---- Given records

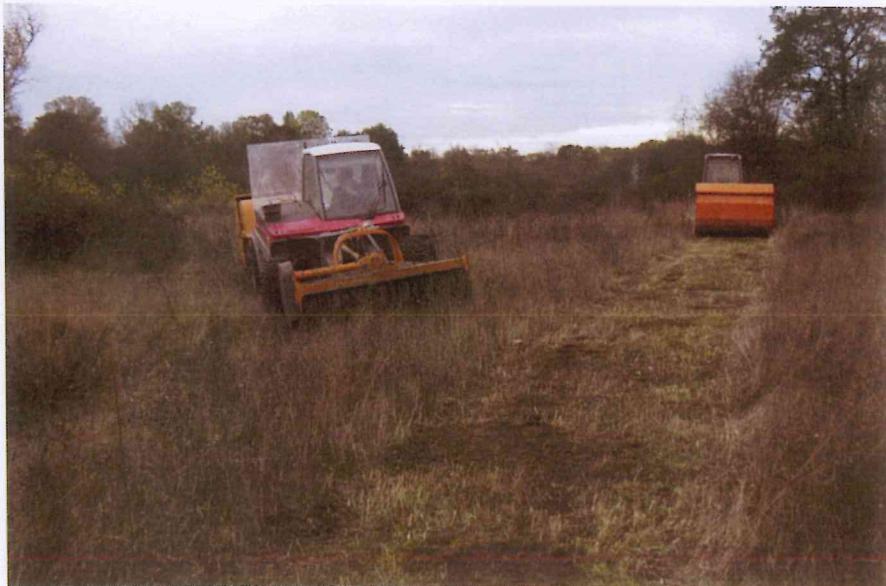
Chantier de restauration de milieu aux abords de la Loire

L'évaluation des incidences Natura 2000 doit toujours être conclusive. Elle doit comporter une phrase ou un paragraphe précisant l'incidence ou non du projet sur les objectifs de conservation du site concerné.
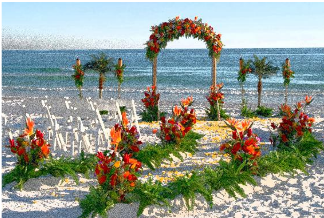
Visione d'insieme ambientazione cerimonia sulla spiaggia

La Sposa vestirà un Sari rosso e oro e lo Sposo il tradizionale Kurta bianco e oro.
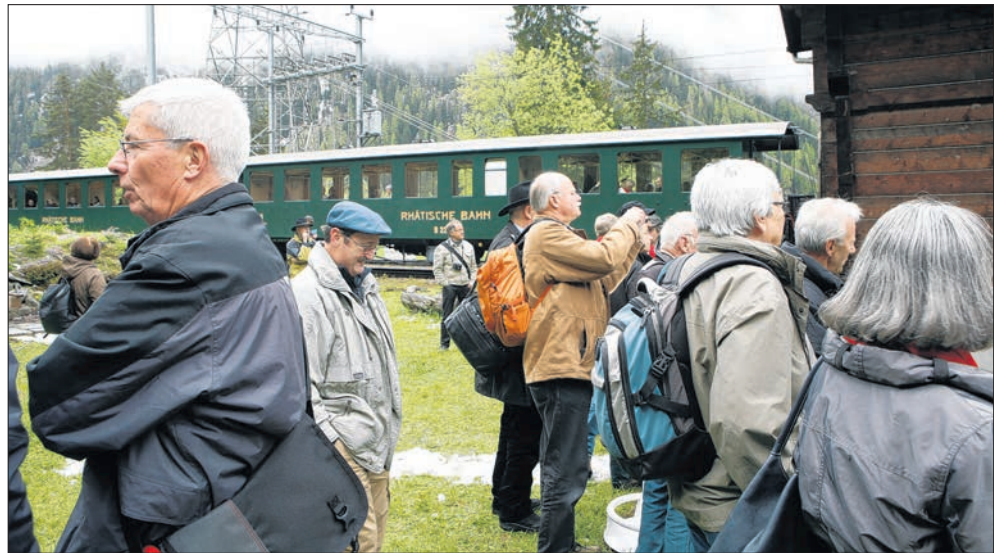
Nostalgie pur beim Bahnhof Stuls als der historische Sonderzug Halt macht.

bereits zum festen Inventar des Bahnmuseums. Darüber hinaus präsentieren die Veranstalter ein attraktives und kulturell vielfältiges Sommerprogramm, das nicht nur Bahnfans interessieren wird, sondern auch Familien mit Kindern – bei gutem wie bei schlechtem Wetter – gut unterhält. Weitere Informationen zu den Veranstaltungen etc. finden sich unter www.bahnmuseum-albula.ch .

--------
---- Given records

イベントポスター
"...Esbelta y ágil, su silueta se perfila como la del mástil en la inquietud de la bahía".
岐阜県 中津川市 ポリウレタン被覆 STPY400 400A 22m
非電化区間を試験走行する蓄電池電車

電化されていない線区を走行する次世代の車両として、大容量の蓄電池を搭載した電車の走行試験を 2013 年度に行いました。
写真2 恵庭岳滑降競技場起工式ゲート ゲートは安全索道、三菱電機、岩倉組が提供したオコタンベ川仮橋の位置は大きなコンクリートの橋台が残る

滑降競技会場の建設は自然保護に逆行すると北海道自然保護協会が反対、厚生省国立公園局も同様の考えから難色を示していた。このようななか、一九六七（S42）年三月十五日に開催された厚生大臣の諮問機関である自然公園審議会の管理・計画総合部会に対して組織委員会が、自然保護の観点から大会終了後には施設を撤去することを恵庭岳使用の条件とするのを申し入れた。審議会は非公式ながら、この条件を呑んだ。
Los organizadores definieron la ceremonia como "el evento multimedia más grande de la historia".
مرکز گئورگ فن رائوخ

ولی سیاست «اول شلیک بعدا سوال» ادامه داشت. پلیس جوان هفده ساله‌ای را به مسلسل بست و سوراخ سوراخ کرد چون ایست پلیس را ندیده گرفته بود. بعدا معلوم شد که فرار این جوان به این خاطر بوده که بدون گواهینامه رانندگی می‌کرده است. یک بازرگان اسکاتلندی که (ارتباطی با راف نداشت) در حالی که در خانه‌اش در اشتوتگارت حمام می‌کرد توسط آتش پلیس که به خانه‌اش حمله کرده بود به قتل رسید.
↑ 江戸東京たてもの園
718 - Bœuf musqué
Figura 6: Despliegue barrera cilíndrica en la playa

--------

→ Task statement
Count every line above that holds the string "como" and give the total, nothing more.

→ Answer section
2